(Information shown)
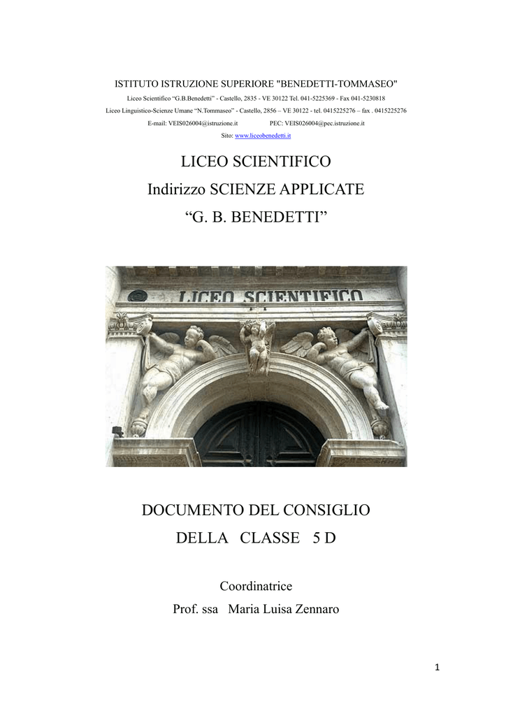 ISTITUTO ISTRUZIONE SUPERIORE "BENEDETTI-TOMMASEO" Liceo Scientifico “G.B.Benedetti” - Castello, 2835 - VE 30122 Tel. 041-5225369 - Fax 041-5230818 Liceo Linguistico-Scienze Umane “N.Tommaseo” - Castello, 2856 – VE 30122 - tel. 0415225276 – fax . 0415225276 E-mail: [email protected] PEC: [email protected] Sito: www.liceobenedetti.it LICEO SCIENTIFICO Indirizzo SCIENZE APPLICATE “G. B. BENEDETTI” DOCUMENTO DEL CONSIGLIO DELLA CLASSE 5 D Coordinatrice Prof. ssa Maria Luisa Zennaro 1 Componenti del consiglio di Classe 5 D Materia Italiano Storia e Filosofia Lingua Straniera (Inglese) Docenti Laura Montagnaro M. Carmela Giuliani Sandra Somma Matematica Fisica Informatica Scienze Disegno e Storia dell'Arte Educazione Fisica Religione M. Luisa Zennaro M. Luisa Zennaro Fabio Saffi Alessandra Rossi M. Gabriella Troilo Fausto Filippis Michele Darisi firma 2 I.I.S “G. B. BENEDETTI – N. TOMMASEO” VENEZIA DOCUMENTO DEL CONSIGLIO DI CLASSE Classe 5D – opzione Scienze Applicate 2014/2015 Anno scolastico Coordinatrice di classe: prof.ssa Maria Luisa Zennaro Presentazione sintetica della classe: a) Storia del triennio della classe A.S. 2012/13: in terza, la classe risulta composta da 22 alunni, tra i quali uno proveniente da altra città. A giugno 6 studenti non sono ammessi alla classe successiva. Sono promossi alla classe successiva 5 alunni a giugno, 11 a settembre. A.S. 2013/14: in quarta, la classe risulta composta solo da 14 alunni, per il trasferimento ad altri Istituti. Nel corso dell’anno si ritira uno studente. A giugno non sono ammessi alla classe successiva 3 studenti. Sono promossi a giugno 5 alunni, 5 a settembre. A.S. 2014/15 all’inizio del quinto anno la classe risulta composta da 10 unità: 3 femmine e 7 maschi; alla fine di ottobre si inserisce un’altra studentessa. b) Continuità didattica nel triennio Materia Italiano Storia e Filosofia Lingua Straniera (Inglese) Anna Mezzaroba Vincenzo Piani Sandra Somma 2012/13 Anna Mezzaroba Aurelia Sandullo Sandra Somma 2013/2014 Laura Montagnaro Maria Carmela Giuliani Sandra Somma 2014/2015 Matematica Fisica Informatica Scienze Disegno e Storia dell'Arte Educazione Fisica Religione Maria Luisa Zennaro Maria Luisa Zennaro Stefano Lissandron Alessandra Rossi M. Gabriella Troilo Fausto Filippis Michele Darisi Maria Luisa Zennaro Maria Luisa Zennaro Fabio Saffi Alessandra Rossi M. Gabriella Troilo Fausto Filippis Michele Darisi Maria Luisa Zennaro Maria Luisa Zennaro Fabio Saffi Alessandra Rossi M. Gabriella Troilo Fausto Filippis Michele Darisi E’ da segnalare che durante il triennio l’insegnamento dell’italiano, di storia, di filosofia e di informatica ha visto l’avvicendarsi di diversi docenti. c) Situazione di partenza della classe e sua evoluzione nell’anno in corso La classe, la prima ad arrivare alla conclusione del nuovo ciclo riformato, inizialmente era costituita da un numero più consistente di studenti, ma negli anni è andata riducendosi fino alla configurazione attuale. Per questo motivo gli studenti rimasti, anno dopo anno, hanno dovuto riequilibrare le dinamiche interne, cercando di sviluppare rapporti tra personalità diverse, di norma molto insicure e poco propense ad esporsi. Comunque il gruppo classe, acquisendo sicurezza, si è dimostrato sufficientemente disponibile al dialogo educativo nelle diverse discipline, partecipando e a volte reagendo con curiosità, secondo i propri interessi, alle proposte dei docenti. L’impegno nello studio è stato profuso in modo e qualità diverse, nelle varie discipline. 3 Non proprio omogenee invece sono risultate le capacità. Alcuni allievi si sono distinti per le buone capacità logiche, per la curiosità intellettuale. Un gruppo ha sviluppato la propria capacità di rielaborazione dei contenuti in modo personale, anche se non sempre critico, conseguendo risultati nel profitto apprezzabili Un gruppo più ampio di studenti ha evidenziato ancora un profilo di fragilità, soprattutto in ambiti specifici. . Per motivi di privacy al presente documento si allega una parte riservata. In generale, la classe ha tenuto un comportamento corretto sia a scuola, con gli insegnanti, che durante le varie uscite didattiche e le iniziative sportive e culturali in cui è stata coinvolta. 2. Obiettivi generali (educativi e formativi) raggiunti La maggior parte degli studenti ha conseguito in misura diversa, ma almeno in modo sufficiente i seguenti obiettivi, comuni a tutte le discipline: complessiva acquisizione ed utilizzazione dei contenuti delle singole discipline e del lessico specifico capacità di analisi di un testo o di un fenomeno, di una costruzione analitica o concettuale, di un modello teorico; capacità di organizzazione delle attività di studio in modo autonomo; La maggioranza degli studenti ha competenze sufficienti nella maggior parte delle discipline. La capacità di trasferire in ambiti diversi le proprie conoscenze e competenze è invece propria di un numero limitato di discenti. 3. Conoscenze, competenze e capacità raggiunte Per quanto concerne conoscenze, competenze e capacità raggiunte nell’ambito delle singole discipline si veda l'Allegato A. 4. Attività extra/para/intercurricolari effettivamente svolte Anno scolastico 2012/13: Alcuni studenti hanno partecipato alle Olimpiadi di Matematica ed altri alle Olimpiadi di Fisica. Uno studente, già impegnato a livello agonistico, ha partecipato ai campionati interistituti di calcio ottenendo buoni risultati. Uno studente ha partecipato ai tornei di scacchi. Uno studente si è impegnato a livello agonistico alle arti marziali. Anno scolastico 2013/14: Galleria dell’Accademia a Venezia Mostra di Vermeer a Bologna Parecchi studenti, già impegnati a livello agonistico, hanno partecipato ai campionati interistituti di calcio, ottenendo buoni risultati. Uno studente ha partecipato ai tornei di scacchi. Uno studente si è impegnato a livello agonistico alle arti marziali. 4 Anno scolastico 2014/15: - 
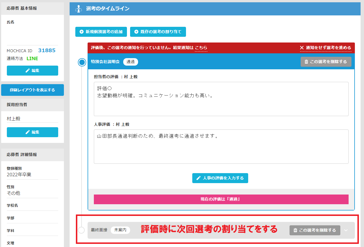 ①手順:選考結果評価時に次回の選考も割り当てしておく
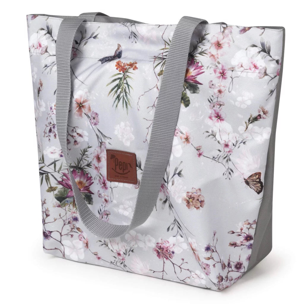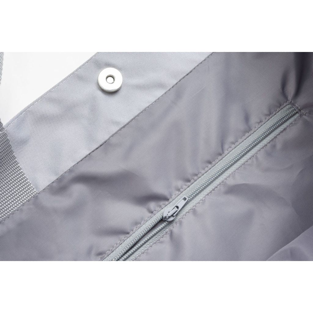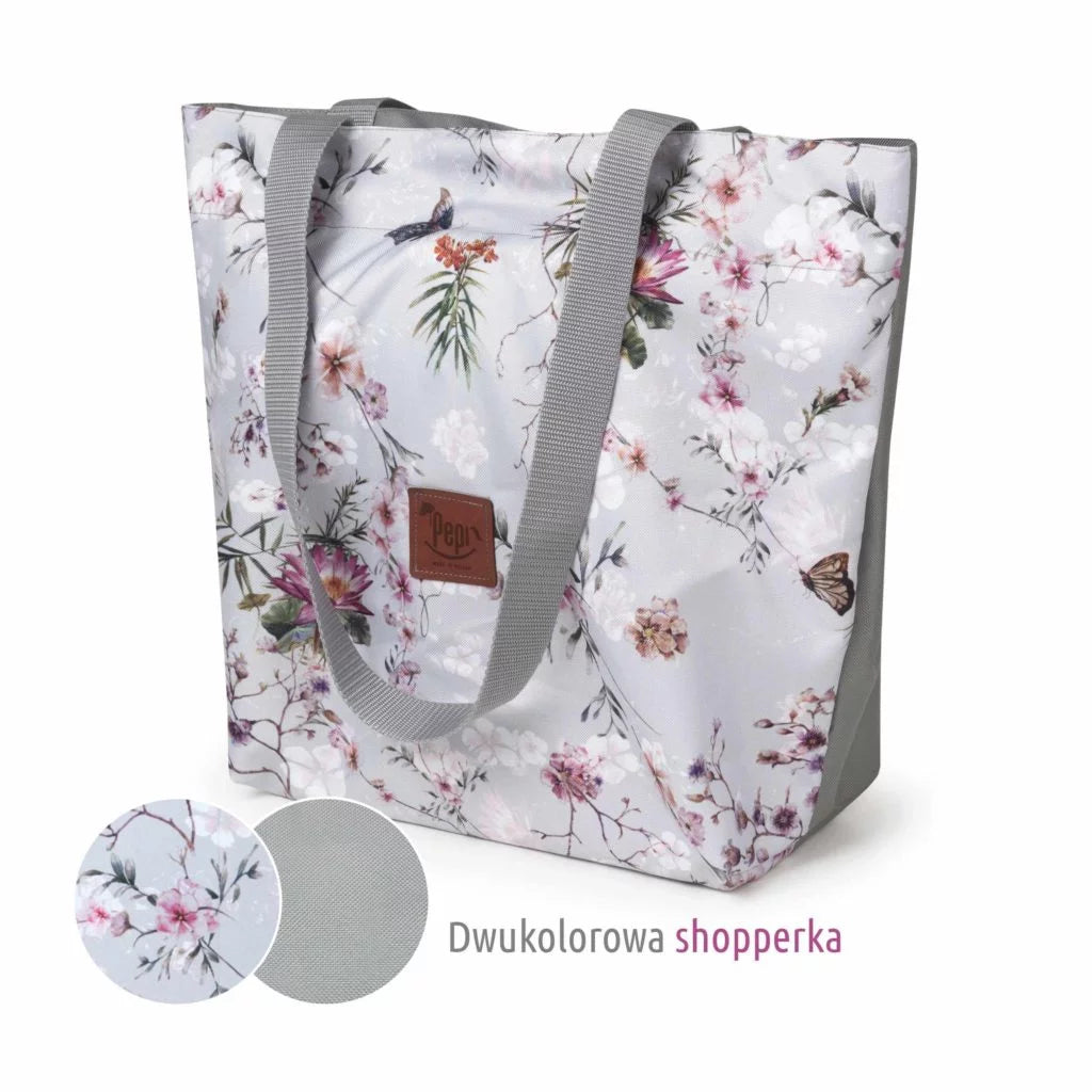 A vállra akasztható shopper táska, mérete 44x34x8 cm (+-1 cm), vízálló anyagból készült. A patentos záródás biztosítja a tartalom biztonságát, míg a belső cipzáras zseb megkönnyíti a kisebb tárgyak rendszerezését.
(End Information shown)
* [Task brief] Retype all the data exactly, please, without pictures.

* [Completed task]
 ISTITUTO ISTRUZIONE SUPERIORE "BENEDETTI-TOMMASEO" Liceo Scientifico “G.B.Benedetti” - Castello, 2835 - VE 30122 Tel. 041-5225369 - Fax 041-5230818 Liceo Linguistico-Scienze Umane “N.Tommaseo” - Castello, 2856 – VE 30122 - tel. 0415225276 – fax . 0415225276 E-mail: [email protected] PEC: [email protected] Sito: www.liceobenedetti.it LICEO SCIENTIFICO Indirizzo SCIENZE APPLICATE “G. B. BENEDETTI” DOCUMENTO DEL CONSIGLIO DELLA CLASSE 5 D Coordinatrice Prof. ssa Maria Luisa Zennaro 1 Componenti del consiglio di Classe 5 D Materia Italiano Storia e Filosofia Lingua Straniera (Inglese) Docenti Laura Montagnaro M. Carmela Giuliani Sandra Somma Matematica Fisica Informatica Scienze Disegno e Storia dell'Arte Educazione Fisica Religione M. Luisa Zennaro M. Luisa Zennaro Fabio Saffi Alessandra Rossi M. Gabriella Troilo Fausto Filippis Michele Darisi firma 2 I.I.S “G. B. BENEDETTI – N. TOMMASEO” VENEZIA DOCUMENTO DEL CONSIGLIO DI CLASSE Classe 5D – opzione Scienze Applicate 2014/2015 Anno scolastico Coordinatrice di classe: prof.ssa Maria Luisa Zennaro Presentazione sintetica della classe: a) Storia del triennio della classe A.S. 2012/13: in terza, la classe risulta composta da 22 alunni, tra i quali uno proveniente da altra città. A giugno 6 studenti non sono ammessi alla classe successiva. Sono promossi alla classe successiva 5 alunni a giugno, 11 a settembre. A.S. 2013/14: in quarta, la classe risulta composta solo da 14 alunni, per il trasferimento ad altri Istituti. Nel corso dell’anno si ritira uno studente. A giugno non sono ammessi alla classe successiva 3 studenti. Sono promossi a giugno 5 alunni, 5 a settembre. A.S. 2014/15 all’inizio del quinto anno la classe risulta composta da 10 unità: 3 femmine e 7 maschi; alla fine di ottobre si inserisce un’altra studentessa. b) Continuità didattica nel triennio Materia Italiano Storia e Filosofia Lingua Straniera (Inglese) Anna Mezzaroba Vincenzo Piani Sandra Somma 2012/13 Anna Mezzaroba Aurelia Sandullo Sandra Somma 2013/2014 Laura Montagnaro Maria Carmela Giuliani Sandra Somma 2014/2015 Matematica Fisica Informatica Scienze Disegno e Storia dell'Arte Educazione Fisica Religione Maria Luisa Zennaro Maria Luisa Zennaro Stefano Lissandron Alessandra Rossi M. Gabriella Troilo Fausto Filippis Michele Darisi Maria Luisa Zennaro Maria Luisa Zennaro Fabio Saffi Alessandra Rossi M. Gabriella Troilo Fausto Filippis Michele Darisi Maria Luisa Zennaro Maria Luisa Zennaro Fabio Saffi Alessandra Rossi M. Gabriella Troilo Fausto Filippis Michele Darisi E’ da segnalare che durante il triennio l’insegnamento dell’italiano, di storia, di filosofia e di informatica ha visto l’avvicendarsi di diversi docenti. c) Situazione di partenza della classe e sua evoluzione nell’anno in corso La classe, la prima ad arrivare alla conclusione del nuovo ciclo riformato, inizialmente era costituita da un numero più consistente di studenti, ma negli anni è andata riducendosi fino alla configurazione attuale. Per questo motivo gli studenti rimasti, anno dopo anno, hanno dovuto riequilibrare le dinamiche interne, cercando di sviluppare rapporti tra personalità diverse, di norma molto insicure e poco propense ad esporsi. Comunque il gruppo classe, acquisendo sicurezza, si è dimostrato sufficientemente disponibile al dialogo educativo nelle diverse discipline, partecipando e a volte reagendo con curiosità, secondo i propri interessi, alle proposte dei docenti. L’impegno nello studio è stato profuso in modo e qualità diverse, nelle varie discipline. 3 Non proprio omogenee invece sono risultate le capacità. Alcuni allievi si sono distinti per le buone capacità logiche, per la curiosità intellettuale. Un gruppo ha sviluppato la propria capacità di rielaborazione dei contenuti in modo personale, anche se non sempre critico, conseguendo risultati nel profitto apprezzabili Un gruppo più ampio di studenti ha evidenziato ancora un profilo di fragilità, soprattutto in ambiti specifici. . Per motivi di privacy al presente documento si allega una parte riservata. In generale, la classe ha tenuto un comportamento corretto sia a scuola, con gli insegnanti, che durante le varie uscite didattiche e le iniziative sportive e culturali in cui è stata coinvolta. 2. Obiettivi generali (educativi e formativi) raggiunti La maggior parte degli studenti ha conseguito in misura diversa, ma almeno in modo sufficiente i seguenti obiettivi, comuni a tutte le discipline: complessiva acquisizione ed utilizzazione dei contenuti delle singole discipline e del lessico specifico capacità di analisi di un testo o di un fenomeno, di una costruzione analitica o concettuale, di un modello teorico; capacità di organizzazione delle attività di studio in modo autonomo; La maggioranza degli studenti ha competenze sufficienti nella maggior parte delle discipline. La capacità di trasferire in ambiti diversi le proprie conoscenze e competenze è invece propria di un numero limitato di discenti. 3. Conoscenze, competenze e capacità raggiunte Per quanto concerne conoscenze, competenze e capacità raggiunte nell’ambito delle singole discipline si veda l'Allegato A. 4. Attività extra/para/intercurricolari effettivamente svolte Anno scolastico 2012/13: Alcuni studenti hanno partecipato alle Olimpiadi di Matematica ed altri alle Olimpiadi di Fisica. Uno studente, già impegnato a livello agonistico, ha partecipato ai campionati interistituti di calcio ottenendo buoni risultati. Uno studente ha partecipato ai tornei di scacchi. Uno studente si è impegnato a livello agonistico alle arti marziali. Anno scolastico 2013/14: Galleria dell’Accademia a Venezia Mostra di Vermeer a Bologna Parecchi studenti, già impegnati a livello agonistico, hanno partecipato ai campionati interistituti di calcio, ottenendo buoni risultati. Uno studente ha partecipato ai tornei di scacchi. Uno studente si è impegnato a livello agonistico alle arti marziali. 4 Anno scolastico 2014/15: - 
 ①手順:選考結果評価時に次回の選考も割り当てしておく
 A vállra akasztható shopper táska, mérete 44x34x8 cm (+-1 cm), vízálló anyagból készült. A patentos záródás biztosítja a tartalom biztonságát, míg a belső cipzáras zseb megkönnyíti a kisebb tárgyak rendszerezését.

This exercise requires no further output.